Items listed in a dataset

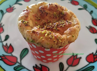 Ingredienti : 3 uova intere, 100 g di polpa di annona, 200 g di ricotta vaccina, 150 g di zucchero, cannella, 100 g di farina 00, 1 bustina di lievito per dolci, pistacchi per decorare. Montare i tuorli con lo zucchero e a parte gli albumi a neve. Aggiungere gli altri ingredienti e da ultimi gli albumi cercando di mescolare delicatamente per non farli smontare. Versare l’impasto nei pirottini o negli stampini, cospargere la superficie di granella di pistacchi o pistacchi interi e infornare a 180° per 20 minuti.
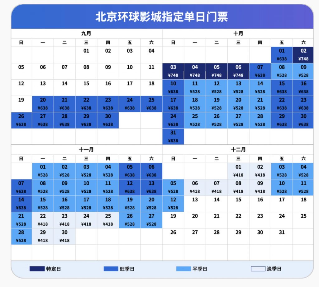 北京環球影城采用四級票價結構:
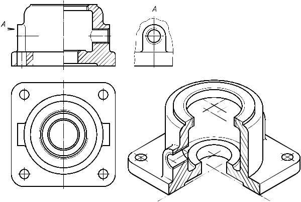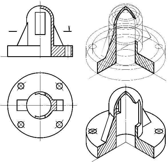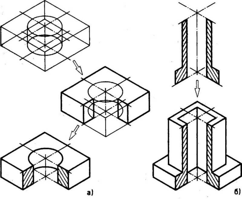 предмета в тонких линиях с последующим нанесением контуров сечений, образуемых каждой секущей плоскостью выреза, и удалением изображения отсеченной части предмета (рис. 6.6б).
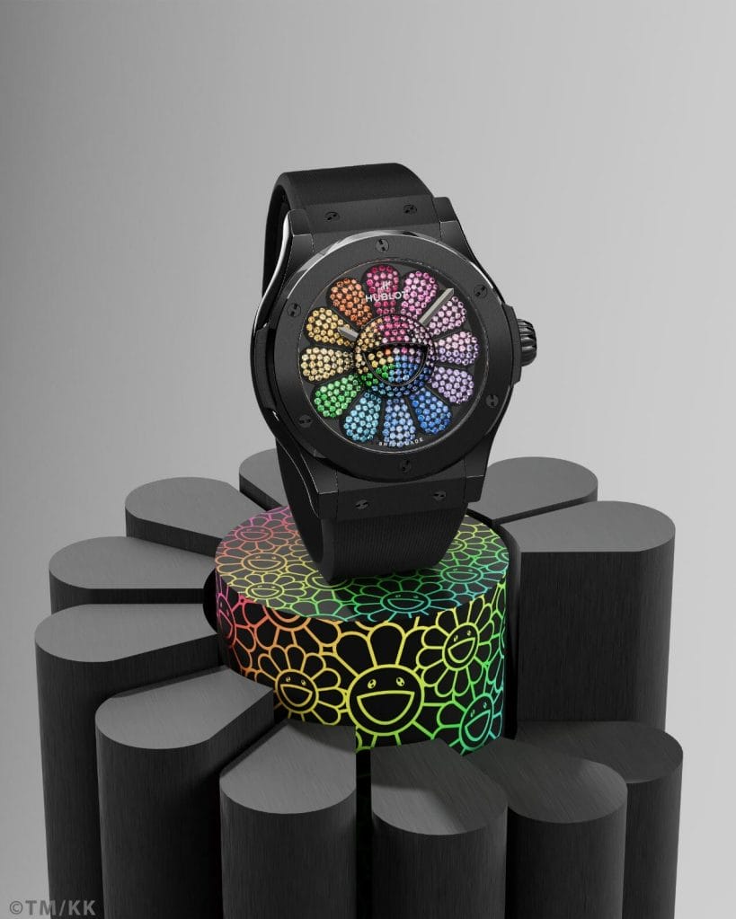 Dans le cadre de leur nouvelle collaboration, Hublot et Takashi Murakami présentent treize nouveaux NFT et treize garde-temps uniques ornés de la fameuse fleur souriante, l’icône de l’oeuvre de l’artiste japonais.
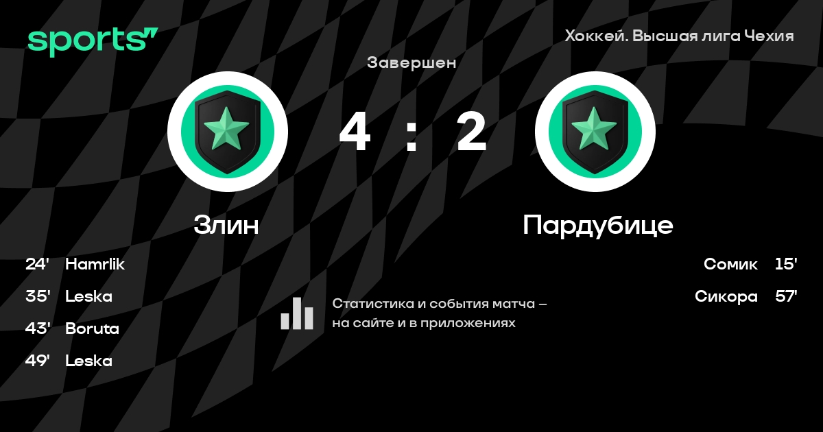 В прошедшем матче в рамках турнира Хоккей. Высшая лига Чехия состоялась встреча команд Злин - Пардубице

• _Task details_: All of the data must be given again exactly, without the pictures.

• _Result for this exercise_:
 Ingredienti : 3 uova intere, 100 g di polpa di annona, 200 g di ricotta vaccina, 150 g di zucchero, cannella, 100 g di farina 00, 1 bustina di lievito per dolci, pistacchi per decorare. Montare i tuorli con lo zucchero e a parte gli albumi a neve. Aggiungere gli altri ingredienti e da ultimi gli albumi cercando di mescolare delicatamente per non farli smontare. Versare l’impasto nei pirottini o negli stampini, cospargere la superficie di granella di pistacchi o pistacchi interi e infornare a 180° per 20 minuti.
 北京環球影城采用四級票價結構:
 предмета в тонких линиях с последующим нанесением контуров сечений, образуемых каждой секущей плоскостью выреза, и удалением изображения отсеченной части предмета (рис. 6.6б).
 Dans le cadre de leur nouvelle collaboration, Hublot et Takashi Murakami présentent treize nouveaux NFT et treize garde-temps uniques ornés de la fameuse fleur souriante, l’icône de l’oeuvre de l’artiste japonais.
 В прошедшем матче в рамках турнира Хоккей. Высшая лига Чехия состоялась встреча команд Злин - Пардубице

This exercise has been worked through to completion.